Auto-export is fail-safe — if export fails, your generated dataset is unaffected.

## Training Tool Integration

### Unsloth

```python
from datasets import load_dataset
dataset = load_dataset("json", data_files="dataset_sharegpt.jsonl")

from unsloth import FastLanguageModel
# ... load model ...
from trl import SFTTrainer
trainer = SFTTrainer(
    model=model,
    train_dataset=dataset["train"],
    dataset_text_field="conversations",
)
```

### Axolotl

```yaml
# axolotl config
datasets:
  - path: dataset_sharegpt.jsonl
    type: sharegpt
```

### TRL SFTTrainer

```python
from datasets import load_dataset
dataset = load_dataset("json", data_files={
    "train": "dataset_messages_train.jsonl",
    "validation": "dataset_messages_val.jsonl",
})

from trl import SFTTrainer
trainer = SFTTrainer(
    model=model,
    train_dataset=dataset["train"],
    eval_dataset=dataset["validation"],
)
```

### TRL DPOTrainer

```python
from datasets import load_dataset
dataset = load_dataset("json", data_files="dataset_dpo.jsonl")

from trl import DPOTrainer
trainer = DPOTrainer(
    model=model,
    train_dataset=dataset["train"],
)
```

### LLaMA-Factory

```json
{
  "my_dataset": {
    "file_name": "dataset_llama_factory.jsonl",
    "formatting": "alpaca",
    "columns": {
      "prompt": "instruction",
      "query": "input",
      "response": "output",
      "history": "history",
      "system": "system"
    }
  }
}
```

### Oumi

```bash
oumi train -c my_config.yaml \
  --training_data.datasets[0].dataset_name=dataset_oumi.jsonl
```

### OpenAI Fine-Tuning API

```bash
# Upload and create fine-tuning job
openai api fine_tuning.jobs.create \
  -t dataset_openai.jsonl \
  -m gpt-4o-mini-2024-07-18
```

### HuggingFace Hub

```bash
# Push directly from AfterImage
afterimage push -i dataset.jsonl --repo username/my-dataset --private

# Then use anywhere
from datasets import load_dataset
ds = load_dataset("username/my-dataset")
```

## Programmatic API

```python
from afterimage.integrations import get_exporter, list_formats

# List all formats
for fmt in list_formats():
    print(f"{fmt['name']}: {fmt['description']}")

# Export a single format
exporter = get_exporter("sharegpt")
result = exporter.export_file("input.jsonl", "output.jsonl")
print(f"Exported {result.total_output} rows, skipped {result.skipped}")

# Export with system prompt
result = exporter.export_file(
    "input.jsonl",
    "output.jsonl",
    system_prompt="You are a helpful assistant.",
)

# Convert a single conversation
row = {"conversations": [
    {"role": "user", "content": "Hello"},
    {"role": "assistant", "content": "Hi!"},
]}
output_rows = exporter.convert_conversation(row)
```

## Design Notes

- **Streaming**: Exports process line-by-line.
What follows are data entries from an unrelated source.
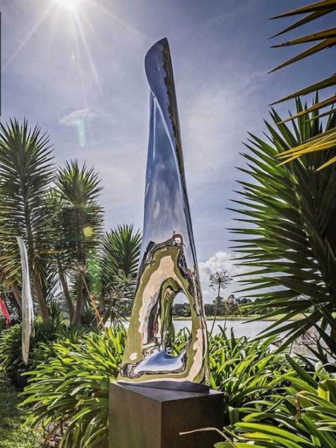 The highly polished mirror-finish stainless steel sculptures seemingly morph in shape and color as the day goes from dawn to dusk, creating timeless masterpieces full of light and movement. At night, color LED lights bring shades of red and blue to the sculptures adding another dimension to their beauty.
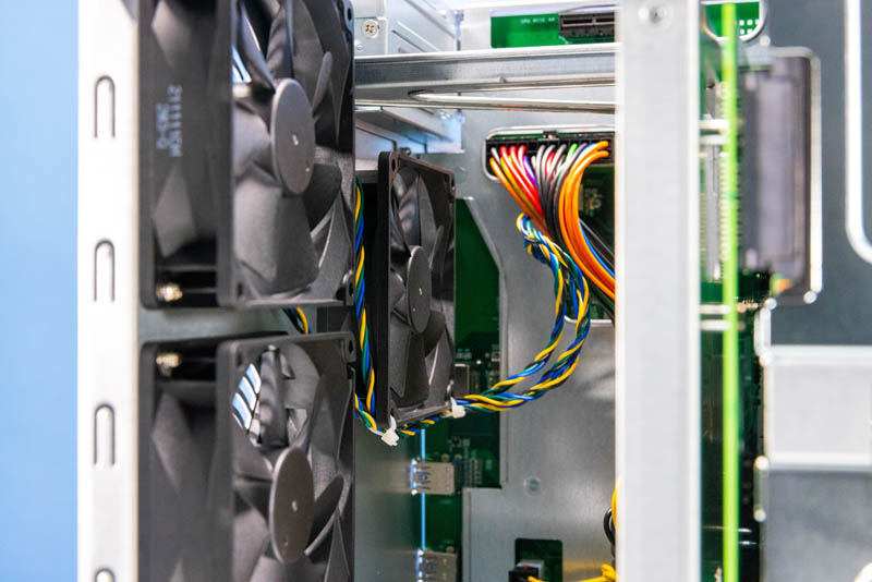 Here is a look at the three internal fans that are wired to the back of the motherboard.
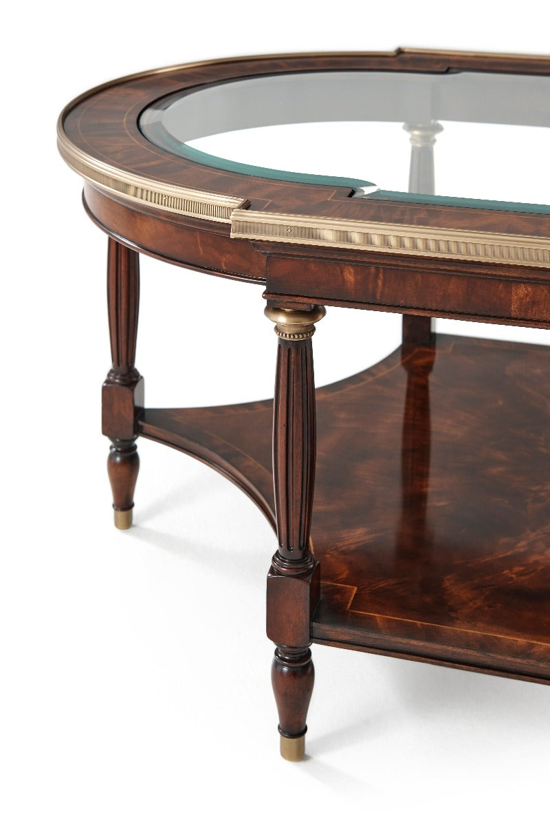 Brass Bound Breakfront Oval Top Flame Veneered, Crossbanded and Sycamore Strung Top Beveled Glass Inset 'Marlborough' Finish Frieze above Six Brass Capital & Fluted Legs Joined by a Concave Sided Undertier Turned Legs with Brass Cappings
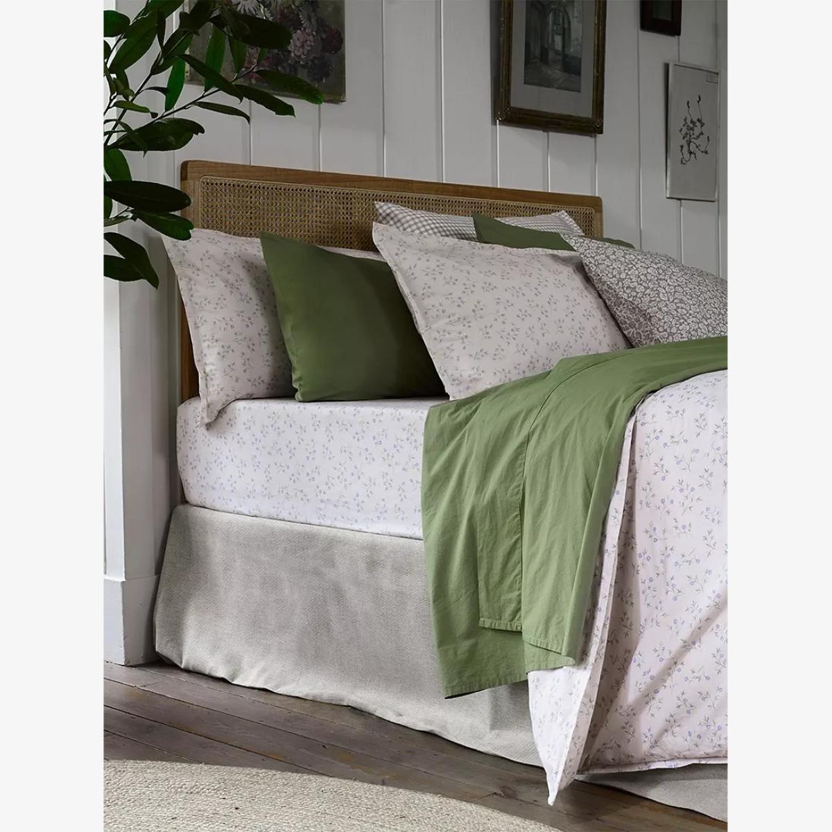 Spring Sprig cotton sheeting features a whimsical floral design that's sourced from the Design Library archives and reworked for a modern setting. Introduce the English country cottage aesthetic by mixing and matching your Spring Sprig cotton sheeting with Parchment, Buttermilk or Pear washed cotton. Sheeting sizes To fit mattress size (cm) Single, L190 x W90cm Double, L190 x W135cm King, L200 x W150cm Super king, L200 x W180cm Piglet in Bed believe in a natural, sustainable and enjoyable way of life that encourages reflection on what matters most. Born in, and inspired by the joys of rural Britain, Piglet in Bed makes products with longevity in mind. The Brand are founded on the conviction that genuine quality should be with us forever and they look to nature as a wonderful provider; materials that are cosy and soft, but durable too. Piglet in Bed supports the Better Cotton Initiative.

Memory usage is constant regardless of dataset size.
- **Graceful degradation**: Unconvertible rows are skipped with warnings, never crashing mid-export.
- **Deterministic**: Same input + seed always produces the same output.
- **No external dependencies**: All core exporters use only the Python standard library. `push` uses `huggingface_hub`, which is installed with the package.